*Data extract:*
+===+
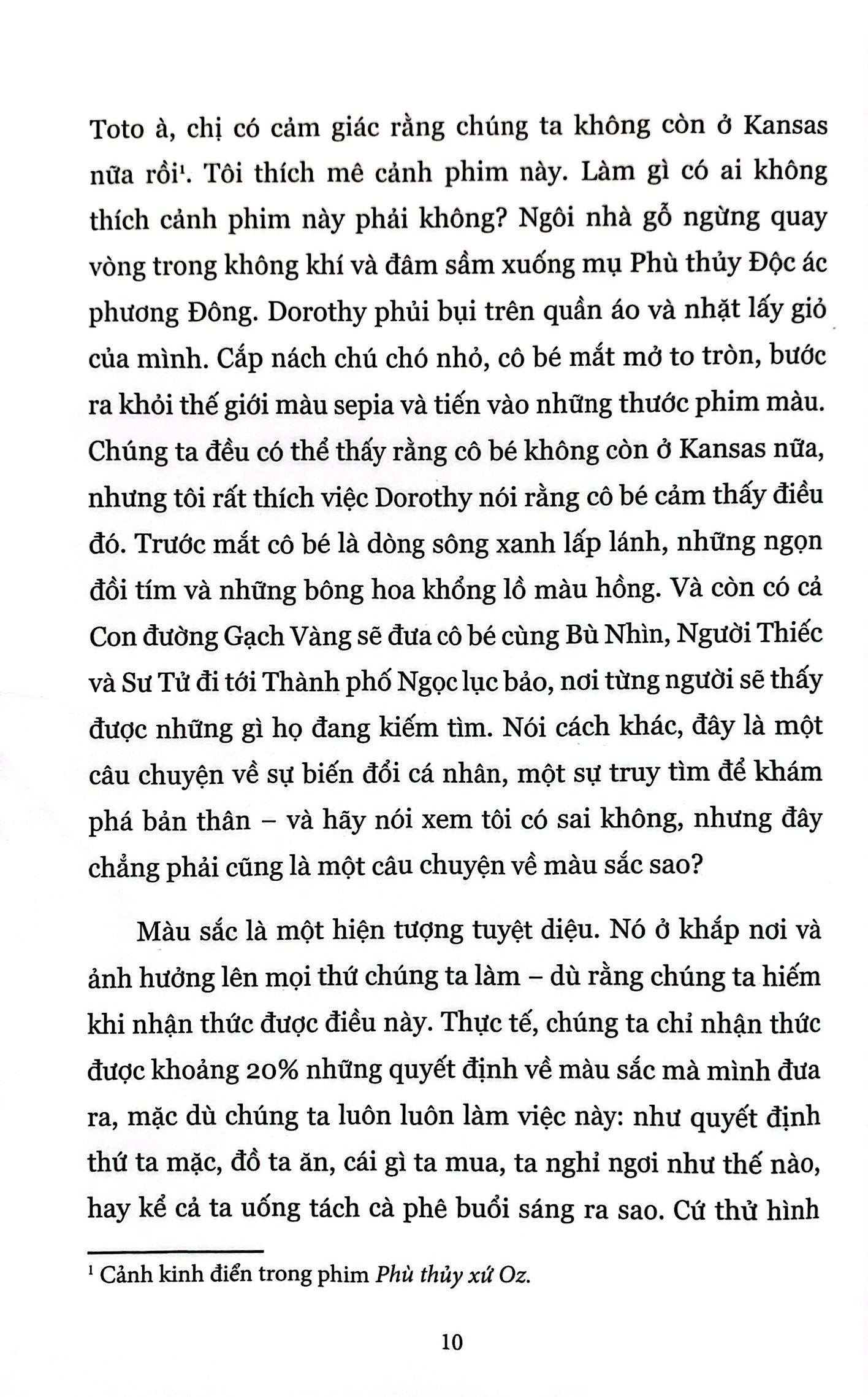 Khi bạn yêu màu sắc, nó sẽ yêu lại bạn. Bạn càng biết nhiều về nó, nó sẽ càng tăng cường chất lượng cuộc sống của bạn và nâng đỡ tâm hồn bạn. Hi vọng cuốn sách này trở thành cẩm nang gối đầu giường của bạn về màu sắc, nhờ đó bạn có thể lấy cảm hứng và học hỏi từ nó, dù là bạn muốn sử dụng màu sắc để dễ dàng phối trang phục, tạo ra những không gian hài hòa và đẹp mắt, tập trung và vui vẻ ở chỗ làm, cải thiện mối quan hệ hay chỉ là cảm thấy dễ chịu hơn ngay lập tức.
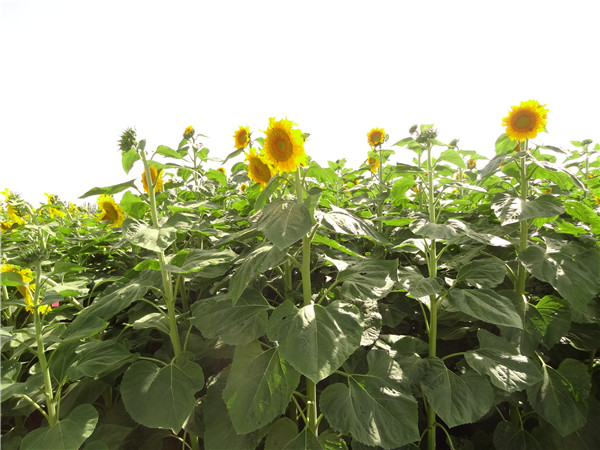5、適期收獲,當(dāng)花盤背部發(fā)黃、苞葉呈黃褐色,下部葉片干枯脫落,一般在開花后35~40天收獲。
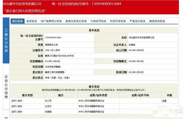 杜愛峰作為法人的河北邃華光伏發電有限公司注冊資金1000萬,擬定投資6.5億建設光伏發電項目。據公司業務人員稱由于沒有資金,項目只是圈了地,至今未開工。
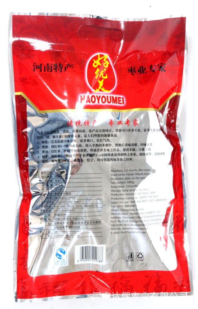 河南达辉枣业有限公司是一家从事枣制品研发、生产、销售的股份公司,位于河南省郑州市高新技术开发区国家大学科技园内,公司创立于2010年2月8日,主要产品有“好优美”枣片系列、水晶枣干系列、饴糖枣糕系列、红枣咖啡系列、保健枣粉系列(专为老人和女士设计)、多维枣糖系列、健康红系列、轩辕黄帝御枣系列、博士情系列、野酸枣系列、金丝小枣系列、枣白金系列等。公司系列产品已经在省内各大超市销售(如沃尔玛超市,大商新玛特超市等),外部已远销香港和澳门,出口东南亚及日本和韩国。
+===+
*What you will do:* Quote each line of the listing exactly, but leave the pictures out.

*Response to this task:*
 Khi bạn yêu màu sắc, nó sẽ yêu lại bạn. Bạn càng biết nhiều về nó, nó sẽ càng tăng cường chất lượng cuộc sống của bạn và nâng đỡ tâm hồn bạn. Hi vọng cuốn sách này trở thành cẩm nang gối đầu giường của bạn về màu sắc, nhờ đó bạn có thể lấy cảm hứng và học hỏi từ nó, dù là bạn muốn sử dụng màu sắc để dễ dàng phối trang phục, tạo ra những không gian hài hòa và đẹp mắt, tập trung và vui vẻ ở chỗ làm, cải thiện mối quan hệ hay chỉ là cảm thấy dễ chịu hơn ngay lập tức.
5、適期收獲,當(dāng)花盤背部發(fā)黃、苞葉呈黃褐色,下部葉片干枯脫落,一般在開花后35~40天收獲。
 杜愛峰作為法人的河北邃華光伏發電有限公司注冊資金1000萬,擬定投資6.5億建設光伏發電項目。據公司業務人員稱由于沒有資金,項目只是圈了地,至今未開工。
 河南达辉枣业有限公司是一家从事枣制品研发、生产、销售的股份公司,位于河南省郑州市高新技术开发区国家大学科技园内,公司创立于2010年2月8日,主要产品有“好优美”枣片系列、水晶枣干系列、饴糖枣糕系列、红枣咖啡系列、保健枣粉系列(专为老人和女士设计)、多维枣糖系列、健康红系列、轩辕黄帝御枣系列、博士情系列、野酸枣系列、金丝小枣系列、枣白金系列等。公司系列产品已经在省内各大超市销售(如沃尔玛超市,大商新玛特超市等),外部已远销香港和澳门,出口东南亚及日本和韩国。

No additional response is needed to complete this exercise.